GIScience / oshdb

OpenStreetMap History Data Analysis Framework
https://ohsome.org
GNU Lesser General Public License v3.0
111 stars 18 forks source link

Removing old test-files from git-history #347

Closed rtroilo closed 1 year ago

rtroilo commented 3 years ago

we have same very old and largely test-data files in our git history which lets our repository grow to the current size of 120mb. files in the history like the following could by wiped from the history to reduce our repository size:

I used this command from stackoverflow [1] to find those files

git rev-list --objects --all |
  git cat-file --batch-check='%(objecttype) %(objectname) %(objectsize) %(rest)' |
  sed -n 's/^blob //p' |
  sort --numeric-sort --key=2 |
  cut -c 1-12,41- |
  $(command -v gnumfmt || echo numfmt) --field=2 --to=iec-i --suffix=B --padding=7 --round=nearest

A good tool for wiping files from the git history could be

What do you think about this?

[1] https://stackoverflow.com/questions/10622179/how-to-find-identify-large-commits-in-git-history

joker234 commented 3 years ago

To remove them from master you have to rewrite the whole master history.
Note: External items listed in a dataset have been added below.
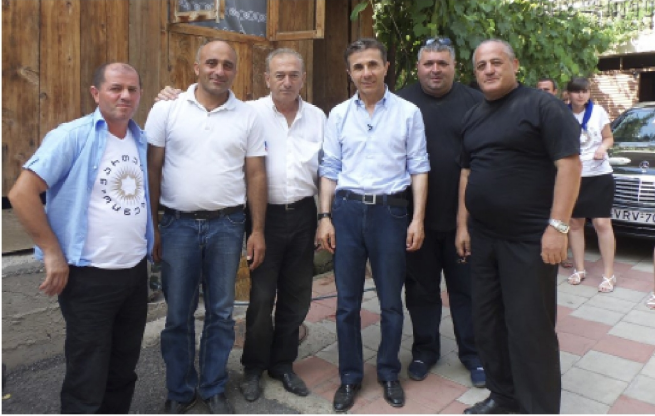
Гос. Бидзина Иванишвили вместе с членами «Народного собрания». Слева направо: Роланд Хозреванидзе, Давид Самнидзе, Цискаридзе Гогитидзе, Бидзина Иванишвили, Лаша Мсхиладзе и Бичико Болквадзе. 5 Августа 2012 года. Пос. Хуло.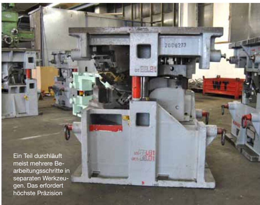
Ein Teil durchläuft meist mehrere Bearbeitungsschritte in separaten Werkzeugen. Das erfordert höchste Präzision

Vogel & Noot Technologie entschloss sich daher zur Anschaffung eines eigenen 3D-Messsystems. Die Entscheidung fiel zu Gunsten des ATOS Triple Scan. Bei dieser neuen Generation der mobilen 3D-Digitalisierer handelt es sich um eine komplette Neuentwicklung mit bislang einzigartiger Technologie. Die namensgebende Dreifach-Abtastungstechnologie sorgt insbesondere bei der Messung von glänzenden Oberflächen, feinen Strukturen und Kanten für eine nennenswerte Reduktion der Anzahl von Einzelscans. Das ist zum Teil darauf zurückzuführen, dass es im Gegensatz zu früheren Systemen nicht mehr zwingend erforderlich ist, dass die Geometrie von beiden Kameras zugleich erfasst wird. Mit der Verwendung von monochromatischem blauem LED-Licht als Referenz in der Blue Light Technology werden optische Umgebungseinflüsse ausgeschlossen. Der robuste und zugleich hochauflösende 3D-Scanner sorgt für die erforderliche Genauigkeit bei der Digitalisierung kleiner wie großer Objekte ohne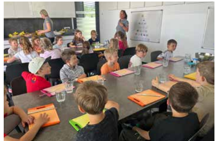
Mobilitätspark: Die ersten Klassen besuchten den Mobilitätspark in Villach. Dort lernten die Kinder das richtige Verhalten am Gehsteig und das sichere Überqueren der Straße. Sie trainierten zudem den Umgang mit Konfliktsituationen. Dann ging es zum Workshop „Gesunde Jause“.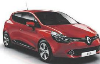
NIEUWE CLIO Authentique 1.2 16V

AAN DE UITZONDERLIJKE PRIJS VAN € 8.750 BTWi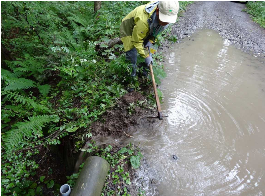
明神～新村間の大きな水たまりの水切り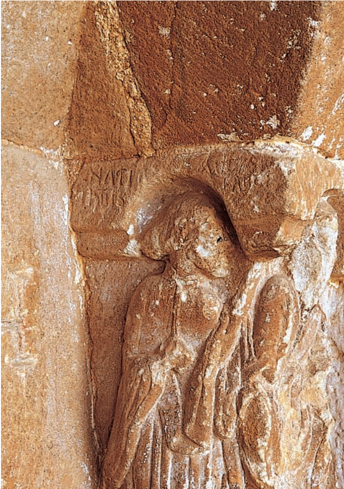
Capitel con inscripción alusiva a San Juan Bautista

Los capiteles del lado derecho se decoran con dos arpías y con hojas dispuestas en forma de hélice que recuerdan ejemplos del cercano foco aquilarense (monasterio de Santa María la Real de Aguilar de Campoo, Zorita del Páramo, Vallespinoso de Aguilar, Villanueva del Río, Santa María de Piasca, etc.), y que fueron torpemente imitados en las cercanas iglesias de Basconcillos del Tozo, Mundi-lla, Pedrosa de Valdelucio y Bañuelos de Rudrón. La datación de los capiteles palentinos en los últimos años del siglo XII y de Piasca en torno a 1172 sugiere para estos ejemplos burgaleses una cronología más tardía que debe rondar el primer tercio del siglo XIII. Esta decoración evidencia la copia de un mismo modelo por manos diferentes, aunque en todos los casos se trata de artesanos populares poco preparados para la interpretación de temas figurados.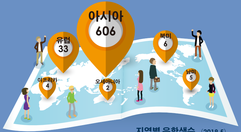
지역별 유학생수 (2019.5)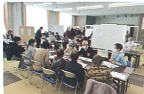
ワークショップ 「地域共生社会ってなんだろう？」

地域共生社会を実現するためには何が必要なのか、赤平市内で具体的に進めるための検討や行政への提言等を行っています。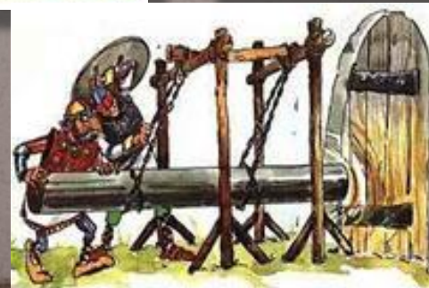
Оружие МОНГОЛЬСКИХ ВОИНОВ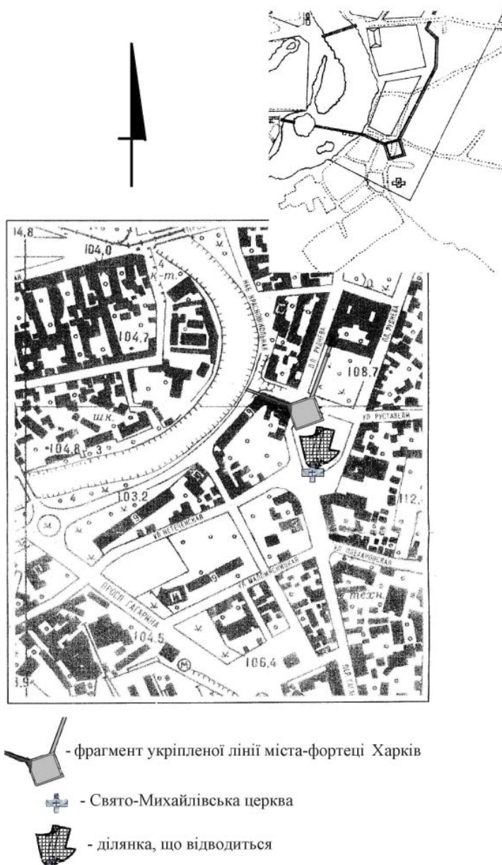
Рис. 1. Нанесення фрагменту укріпленої лінії міста-фортеці Харків на сучасну топографічну основу

ЧУГУЇВСЬКИЙ Р-Н. Багатошарове поселення (неоліт — ямково-гребінцева культура, доба бронзи, раннє середньовіччя — пеньківська культура) «Кочеток—Водокачка» (виявлене І.В. Голубевою 2011 р.), Кочетоцька сільрада.

For a public repo (with releases and forks) this is something which is strongly discouraged, even tough I would like to remove them. I'm pretty torn.

tyrasd commented 3 years ago

I believe the following 3 could be removed without (big) history-rewriting troubles, since they were not (yet) merged into master:

c41cd0fa27d3 5,5MiB oshdb-api/src/test/resources/update-test-data.mv.db c997c5c33936 5,8MiB oshdb-api/src/test/resources/test-update-data.mv.db 6683c395170b 6,0MiB oshdb-api/src/test/resources/test-update-data.mv.db

For the rest… I don't know. The 100MB+ repo size is not great, but rewriting history of the whole project (incl. all branches) is also quite troublesome.

We could just recommend people to create shallow clones when disk usage or slow connections are an issue (e.g. git clone --depth=1 https://github.com/GIScience/oshdb)?

$ git clone --depth=1 https://github.com/GIScience/oshdb
…
$ du -hs oshdb
7.9M    oshdb